» **EXERCISE INSTRUCTIONS**
From the material below, please set down exactly the lines starting with the one with "螺髻山九十九里溫泉不僅是世界" and going on through the one with "- [SUPERIOR CLARITY]", without a single picture.
-- RECORDS FOR THIS EXERCISE follows --
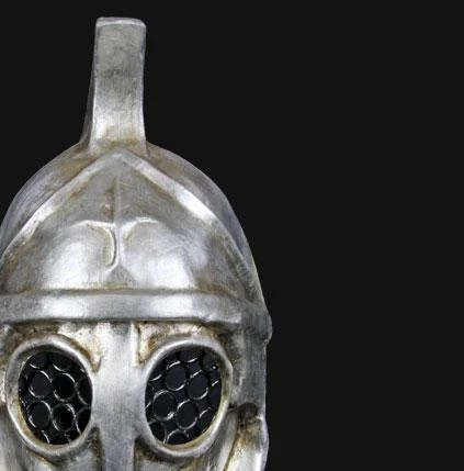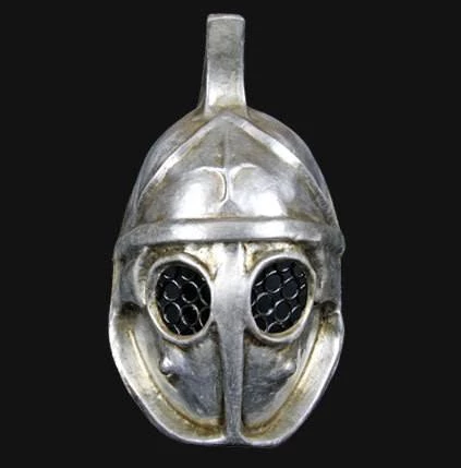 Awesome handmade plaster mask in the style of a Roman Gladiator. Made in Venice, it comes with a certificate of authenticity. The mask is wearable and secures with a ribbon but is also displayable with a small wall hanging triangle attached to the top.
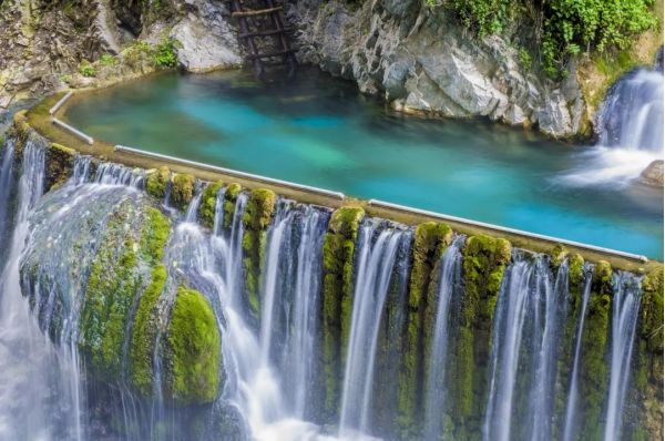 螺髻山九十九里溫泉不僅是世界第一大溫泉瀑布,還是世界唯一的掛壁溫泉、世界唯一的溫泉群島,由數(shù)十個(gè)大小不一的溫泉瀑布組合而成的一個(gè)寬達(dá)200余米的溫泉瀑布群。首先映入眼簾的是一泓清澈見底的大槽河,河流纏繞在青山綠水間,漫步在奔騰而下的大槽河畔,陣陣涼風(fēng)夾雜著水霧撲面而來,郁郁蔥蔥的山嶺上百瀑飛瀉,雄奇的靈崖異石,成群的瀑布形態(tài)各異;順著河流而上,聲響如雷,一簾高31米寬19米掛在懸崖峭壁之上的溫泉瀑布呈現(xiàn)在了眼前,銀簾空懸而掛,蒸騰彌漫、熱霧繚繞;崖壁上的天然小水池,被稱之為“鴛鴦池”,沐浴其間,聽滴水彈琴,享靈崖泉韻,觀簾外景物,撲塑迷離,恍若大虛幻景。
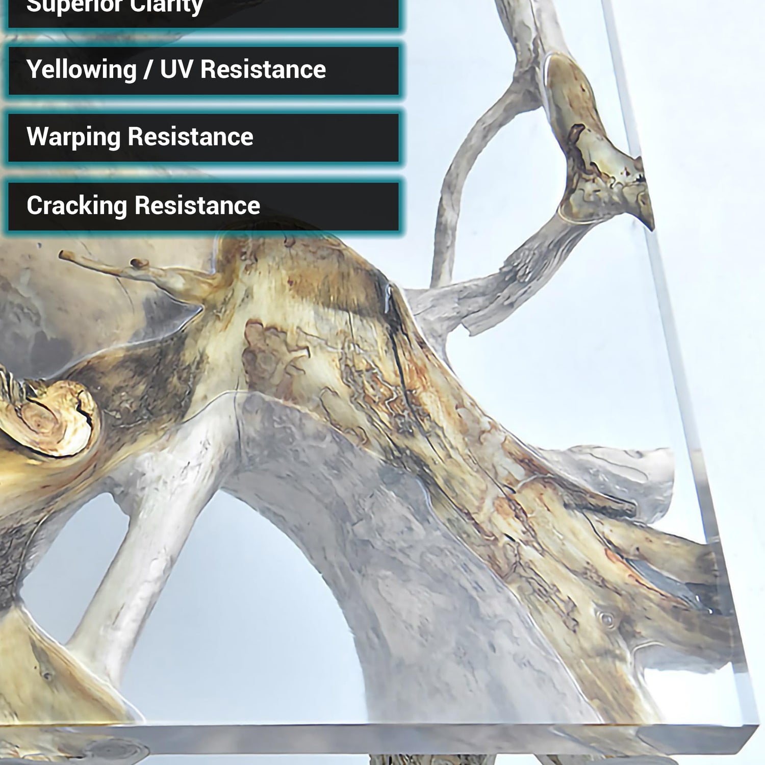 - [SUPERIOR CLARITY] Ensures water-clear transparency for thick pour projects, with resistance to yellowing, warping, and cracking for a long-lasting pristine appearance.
-- RECORDS FOR THIS EXERCISE concluded --
-- RECORDS FOR THIS EXERCISE follows --
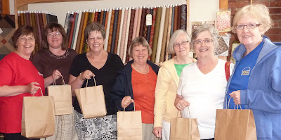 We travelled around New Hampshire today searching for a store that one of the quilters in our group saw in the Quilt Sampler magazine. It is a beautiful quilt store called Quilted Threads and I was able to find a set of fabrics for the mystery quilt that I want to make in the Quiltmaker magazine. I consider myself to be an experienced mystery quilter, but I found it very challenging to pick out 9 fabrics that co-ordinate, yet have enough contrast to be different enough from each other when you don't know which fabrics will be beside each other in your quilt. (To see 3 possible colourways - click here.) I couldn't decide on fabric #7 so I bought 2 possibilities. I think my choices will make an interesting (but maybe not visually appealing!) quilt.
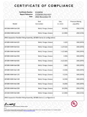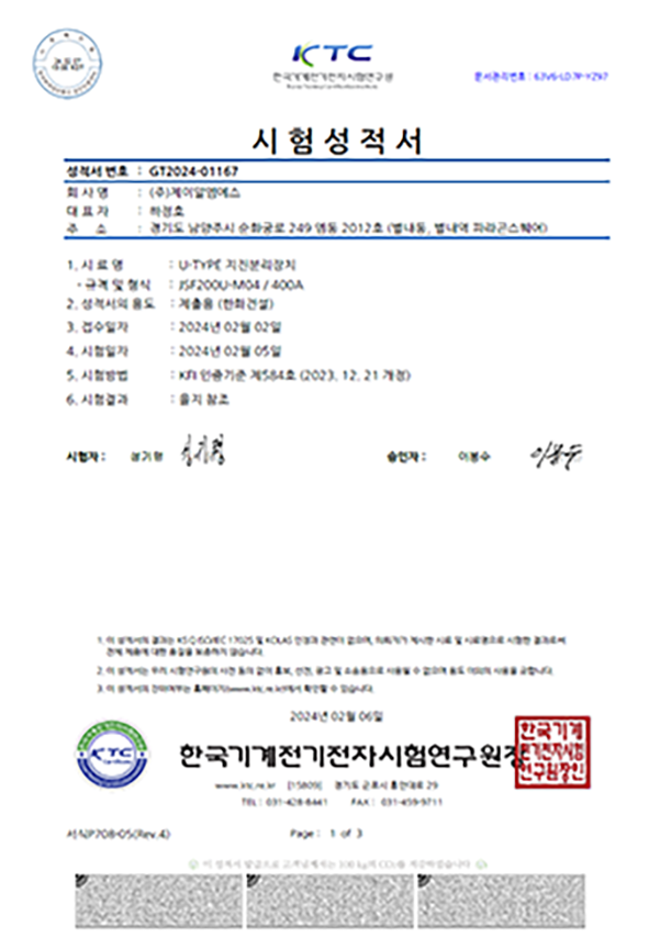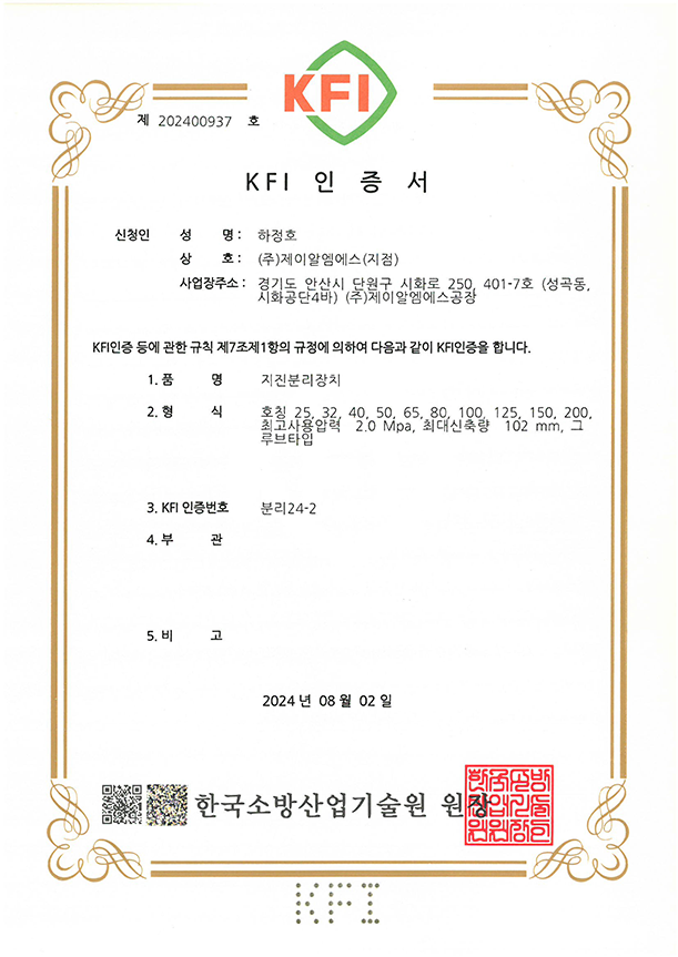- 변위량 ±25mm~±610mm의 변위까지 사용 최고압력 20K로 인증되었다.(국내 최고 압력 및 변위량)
-- RECORDS FOR THIS EXERCISE concluded --
» **REPLY TO THE EXERCISE**
 螺髻山九十九里溫泉不僅是世界第一大溫泉瀑布,還是世界唯一的掛壁溫泉、世界唯一的溫泉群島,由數(shù)十個(gè)大小不一的溫泉瀑布組合而成的一個(gè)寬達(dá)200余米的溫泉瀑布群。首先映入眼簾的是一泓清澈見底的大槽河,河流纏繞在青山綠水間,漫步在奔騰而下的大槽河畔,陣陣涼風(fēng)夾雜著水霧撲面而來,郁郁蔥蔥的山嶺上百瀑飛瀉,雄奇的靈崖異石,成群的瀑布形態(tài)各異;順著河流而上,聲響如雷,一簾高31米寬19米掛在懸崖峭壁之上的溫泉瀑布呈現(xiàn)在了眼前,銀簾空懸而掛,蒸騰彌漫、熱霧繚繞;崖壁上的天然小水池,被稱之為“鴛鴦池”,沐浴其間,聽滴水彈琴,享靈崖泉韻,觀簾外景物,撲塑迷離,恍若大虛幻景。
 - [SUPERIOR CLARITY] Ensures water-clear transparency for thick pour projects, with resistance to yellowing, warping, and cracking for a long-lasting pristine appearance.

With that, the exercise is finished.